There are roughly 1.4 million cubic metres of fluid tailings and more than 390 million cubic metres of water in ponds in the oil sands region.Todd Korol/Reuters
A group tasked with recommending ways to clean up Alberta’s massive oil sands tailings ponds says the government should hasten the development of both new treatment technologies and standards for releasing treated mine water.
In its recommendations, released Friday, the Oil Sands Mine Water Steering Committee also called for more community involvement in monitoring programs to improve their transparency and speed.
Alberta established the committee in 2024 to come up with options to better manage the water in oil sands tailings ponds in the province’s north. The group includes representatives from Indigenous and local communities, industry and academic experts.
Alberta to invest $50-million to help develop oil sands water, tailings technologies
The government said Friday it accepted all four of the committee’s latest recommendations and will work with the Alberta Energy Regulator to evaluate them. The province then intends to implement “a safe and reasonable plan that is supported by science and protects communities in the region and downstream.”

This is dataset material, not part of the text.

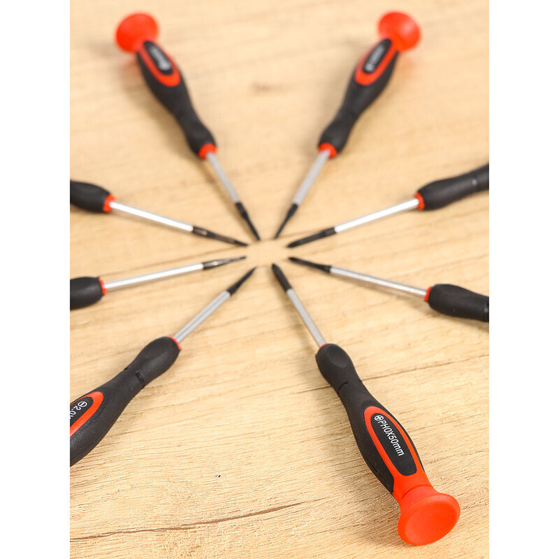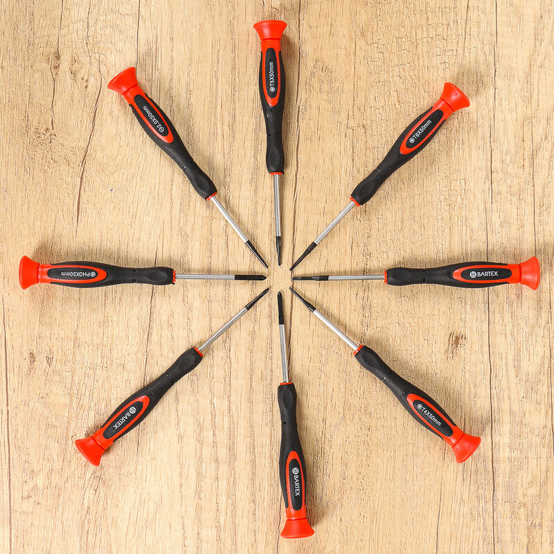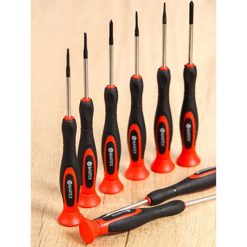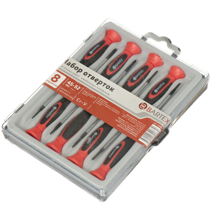 Набор отверток торговой марки Bartex предназначен для завинчивания и отвинчивания резьбовых соединений маленького размера. Отвертки из данного набора незаменимы при работе с электроникой, часами и прочими мелкими соединениями. Эргономичная двухкомпонентная рукоятка удобно располагается в руке и позволяет с ювелирной точностью манипулировать мелкими деталями. Тыльная сторона отвертки оснащена поворотной шайбой. При помощи шайбы можно легко и быстро вращать инструмент простым перебором пальцев. Упакован набор в пластиковый бокс, удобный для хранения и транспортировки.

Pierre Gratton, chief executive of the Mining Association of Canada, welcomed the new measures, saying in a statement they would “provide the framework and certainty needed by industry” to reclaim oil sands mines.
“We are hopeful that this will accelerate the development of federal regulations – which we requested almost 15 years ago – to be similarly advanced to allow the oil sands mining sectors to proceed with significant investments in reclamation and water treatment,” Mr. Gratton said.
Tailings are a by-product of the process used to extract bitumen from mined oil sands, and are a mixture of sand, clay, water, silt, residual bitumen and other hydrocarbons, salts and trace metals.
The issue of how to deal with them has bedevilled Alberta for years. There are roughly 1.4 million cubic metres of fluid tailings and more than 390 million cubic metres of water in ponds in the oil sands region.
Although some ponds have been reclaimed, the volume of tailings continues to grow, in part because any water captured on a site must be kept there – even if it’s snow melt or rain that hasn’t been used in the mining process.
Industry wants to be allowed to release treated water back into the Athabasca River watershed, but environmental groups and Indigenous communities downstream from the oil sands region are staunchly opposed to such a plan.
Remediating oil sands mines could cost $130-billion, according to a 2018 internal Alberta Energy Regulator memo, though in an official estimate the regulator puts the cost around $34-billion.
The committee’s first set of recommendations was released on June 12.
It suggested segregating water that had not been affected by mining and developing clear standards for that water’s safe release, encouraging more water-sharing between mine sites, and developing a standard system for measuring naphthenic acids, which are naturally occurring organics sourced from oil sands bitumen.
The committee also recommended that the government work with the oil sands industry, technology providers and researchers to develop and conduct pilots on promising oil sands mine water treatment technologies.
Alberta has since earmarked $50-million to boost technologies that can help reduce and manage tailings ponds. Cash for the program will come from the province’s carbon price on large emitters, and will be managed by Emissions Reduction Alberta.
Multiple cases of spills and leaks from tailings ponds have been reported by oil companies in recent years.
At Imperial Oil Ltd.’s Kearl site, a long-running leak has resulted in an unknown volume of tailings leeching into the environment. A drainage storage pond at the site also overflowed, spilling roughly 5.3 million litres of industrial waste water laced with pollutants into the environment.
In April, 2023, almost six million litres of water with more than twice the legal limit of suspended solids was released from a pond at Suncor’s Fort Hills oil sands project into the Athabasca River watershed.